Health Tips

Anti-Inflammatory Diet: Good Health for Your Joints

Health professionals are focusing increasing attention on inflammation and the “anti-inflammatory diet.” Before we look at what goes into that diet—and why anyone would follow it—we need to know what “inflammation” is.

What is the inflammatory process?

Inflammation can be good or bad. When it’s good, it’s a natural response by the body to a cut, for example. The immune system sends white blood cells and other substances to the site of the injury to get the healing process going. Not all injuries to the body are as obvious as a cut finger, though. A sedentary lifestyle can contribute to chronic inflammation, as well as stress. Our genes can increase the likelihood of chronic inflammation. So can exposure to a variety of toxins, including secondhand tobacco smoke. A wide variety of causes can bring about chronic—and invisible—inflammation.

Why should we be concerned?

Low-grade chronic inflammation damages blood vessels. That increases the likelihood of heart problems and auto-immune illnesses like lupus or rheumatoid arthritis. Inflammation also has been implicated in the development of certain cancers, in diabetes, and in stroke. Other inflammation-related conditions include Alzheimer’s and Parkinson’s disease. Learning how specific foods influence the inflammatory process is a good strategy for containing inflammation and reducing long-term disease risks.

Testing for inflammation


A substance known as C-reactive protein (CRP) is produced by the liver. When inflammation is present, the level of CRP becomes elevated. Doctors can measure the level of general inflammation by using a blood test, the hs-CRP (high-sensitivity C-reactive protein) test.

Treatment and Prevention of Inflammation through Diet

The anti-inflammatory diet is not a cure-all, but it is among the best choices we can make—a scientifically proven way of maintaining optimum health. One of the major plusses of going on such a diet is that it provides us with steady energy and the necessary vitamins, minerals, essential fatty acids, dietary fiber, and protective phytonutrients. It is not designed as a short-term diet or a weight-loss regimen but as a dietary lifestyle.

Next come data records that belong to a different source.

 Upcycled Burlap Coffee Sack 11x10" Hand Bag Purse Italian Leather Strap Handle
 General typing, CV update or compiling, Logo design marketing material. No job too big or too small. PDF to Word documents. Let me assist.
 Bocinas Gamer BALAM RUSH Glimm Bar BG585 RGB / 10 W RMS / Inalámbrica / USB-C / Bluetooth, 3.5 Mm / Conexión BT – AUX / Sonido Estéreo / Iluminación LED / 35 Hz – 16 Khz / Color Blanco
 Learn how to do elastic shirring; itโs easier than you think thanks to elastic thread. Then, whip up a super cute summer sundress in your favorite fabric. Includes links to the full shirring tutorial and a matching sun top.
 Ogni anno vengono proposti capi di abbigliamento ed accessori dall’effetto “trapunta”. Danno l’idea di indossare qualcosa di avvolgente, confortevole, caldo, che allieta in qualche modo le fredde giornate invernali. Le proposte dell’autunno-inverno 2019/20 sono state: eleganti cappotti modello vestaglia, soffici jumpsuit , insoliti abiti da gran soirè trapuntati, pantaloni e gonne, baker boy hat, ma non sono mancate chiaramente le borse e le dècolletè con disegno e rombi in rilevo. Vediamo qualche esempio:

It’s a major shift away from grabbing a slice of pizza, a Twinkie and a soda and calling that “lunch.” By choosing to follow an anti-inflammatory diet, we are making a conscious choice in favor of feeling better now and in the future.

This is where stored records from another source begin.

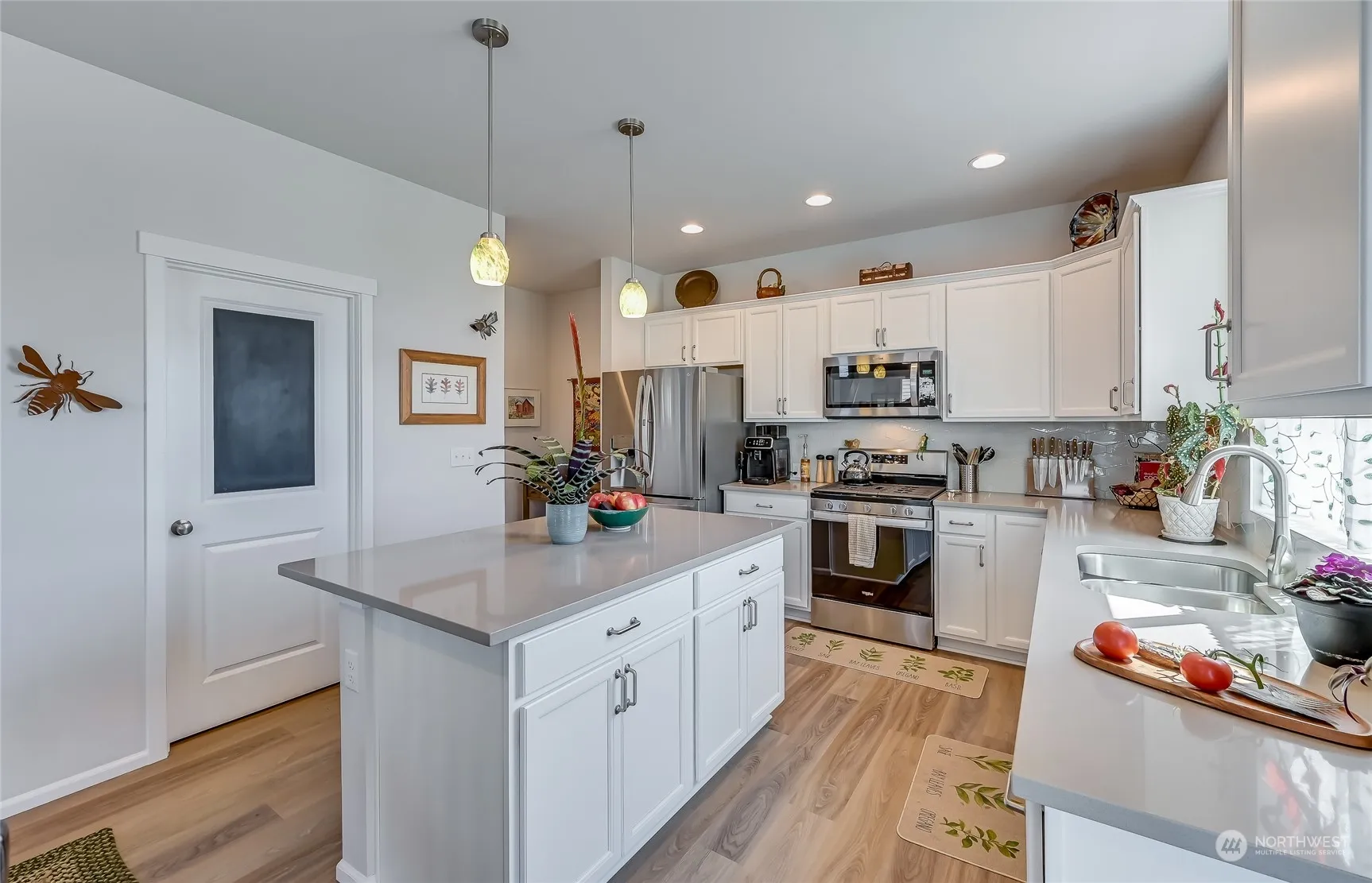 This beautifully maintained 3-bed, 2 ½-bath home in Cambridge Commons offers an open-concept main floor with high ceilings, abundant natural light, and energy-efficient features. The modern kitchen has quartz countertops, SS appliances, and a walk-in pantry. The living room includes a gas FP, and there’s a versatile bonus room/office. Upstairs, enjoy a spacious primary suite, 2 large bedrooms, a cozy family room, and a laundry room. Smart home features include Wi-Fi blinds, Nest thermostat, and a 3-zone sprinkler. A 3-car garage, landscaped yard with hot tub, fire pit, and flagstone patio complete the package. Community amenities include a dog park and playground.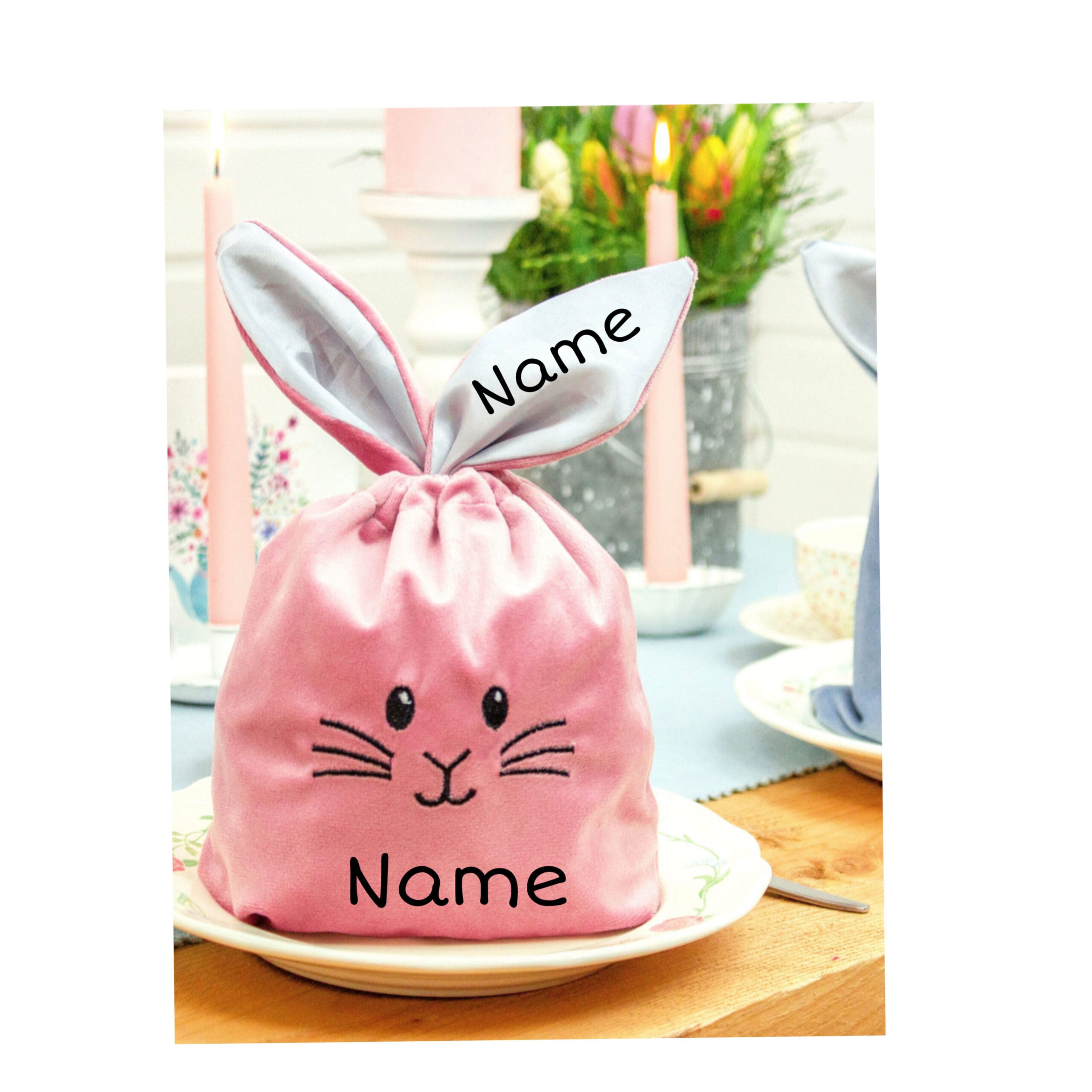 Osternest Hasensack aus Samt Rosa – personalisiert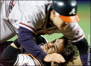 | | Up close and personal Atlanta Braves Bret Boone barrels over New York Mets catcher Mike Piazza at home plate for a double play to end the top of the first inning of Game 3 of the NL Championship Series Friday, Oct. 15, 1999, in New York. Piazza tagged Boone out on a throw from Mets center fielder Melvin Mora.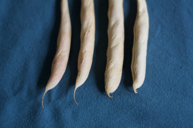 Left on the vine the pods yellow, then dry to a crackly, rattling finish. I pick them as soon as they start to rattle in their tawny pods. I split open the husks and – voila! – jewels inside. (Click on photo for enlarged view)

What Contributes to Inflammation?

The first step toward leading an anti-inflammatory life is knowing what kinds of foods are likely to make us sick (or sicker). Our culture puts a high priority on convenience. We want foods, for example, that are fast and easy—preferably packaged, and not cooked by us. The quickie foods we turn to as fuel to keep us alert through long days of work or play are major culprits in the spread of invisible inflammation.

What Contributes to Health?

The anti-inflammatory diet is easy to remember and follow. Lots of fresh fruits and vegetables are its foundation. It includes three to five half-cup servings of whole and cracked grains, one to two half-cup servings of beans and legumes, and five to seven teaspoons of healthy fats each day. Cooked brown rice is easy to make and healthful, while bread should be kept to a minimum because it is processed. The daily allotment of good protein and omega 3 fatty acids can be found in two to six four-ounce servings of wild Alaskan salmon, herring, and sardines.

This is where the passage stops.